講座終了後、インタビューにお答えいただきました。

できることから、やってみたい
写真9
MCATのメンバー
(右手前が、北林良太さん)
 参加した59人の学生には、サークルなどでボランティア経験のある人もいれば未体験の人もいて、それこそ千差万別。まずは、サークルで参加した明星大学防犯ボランティア隊MCAT(明星コミュニティアクションチーム)の4人に感想を聞いてみました。
 「これまで活動してきたなかで、私には学生目線が欠けていたことを痛感しました。自分たちの活動をどうデザインし、周囲の人に気づいてもらうためにどう行動するべきなのか。
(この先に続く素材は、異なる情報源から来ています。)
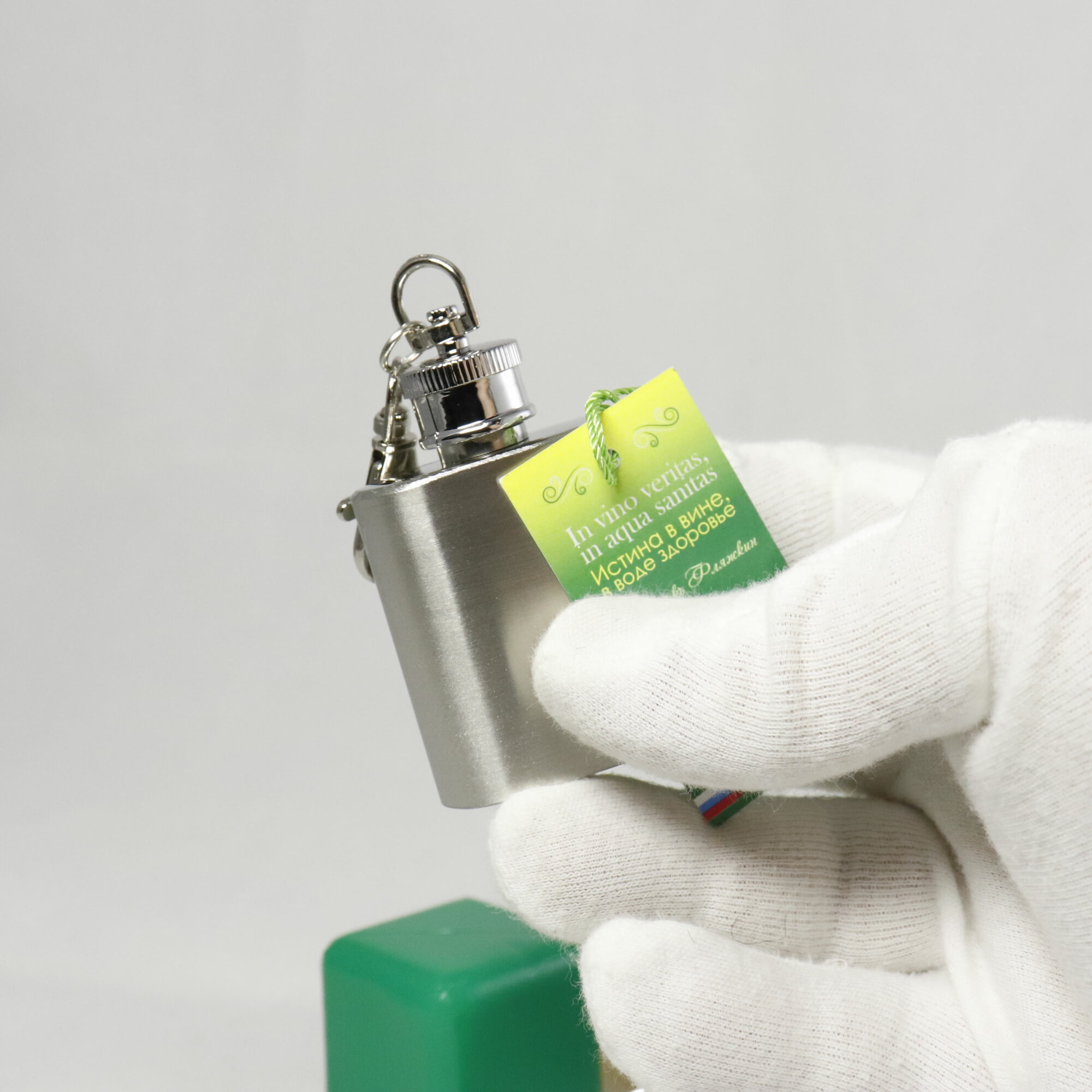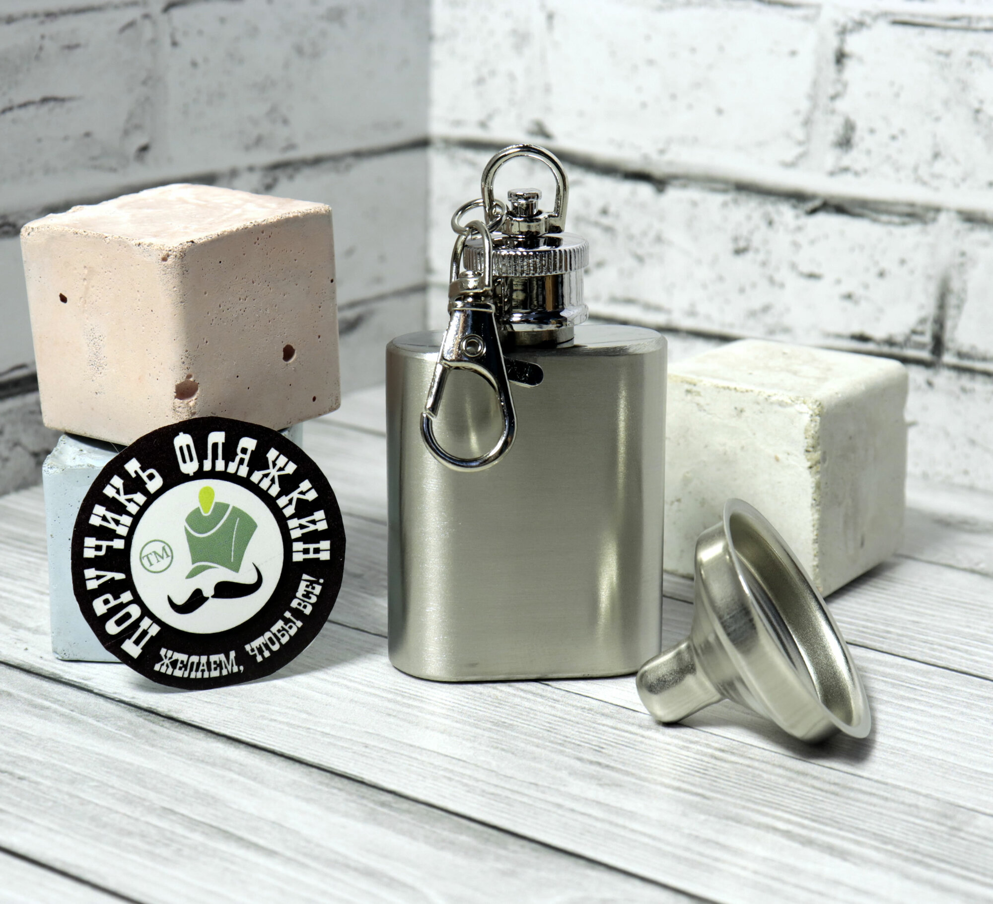 Металлическая фляжка на брелоке (60 мл), воронка. "Поручикъ Фляжкин"

今後の活動では、それらの点に注意しながら、よりレベルアップしていきたいと思います」  隊長の北林良太さんは、このように話してくれました。

できることから、始めてみたい
 会場の近くにある桜美林大学の米倉愛莉さんは、当日の就活を終えてから参加。
 「以前からこうしたボランティア活動には興味があったのですが、今日は専門家や警察の方の話を直接うかがうことができて、とてもためになりました。地域に根づくという意識は学生にも大切ですし、社会人になった後にも役立つはず。無理をせず、できることから始めてみようと思います」と話してくれました。
写真10
インタビューに答えてくれた、米倉愛莉さん(右手前)と竹田直美さん(右奥)
 日本女子体育大学の竹田直美さんは、警察署の学生ボランティアを経験済み。
「実際にやってみてわかったのは、防犯への意識ができたこと。今日はまとまった話を聞けて勉強になりましたし、自分の意識もさらに高まりました」
 竹田さんは警察官志望。今日の経験を、ぜひ生かしてほしいものですね!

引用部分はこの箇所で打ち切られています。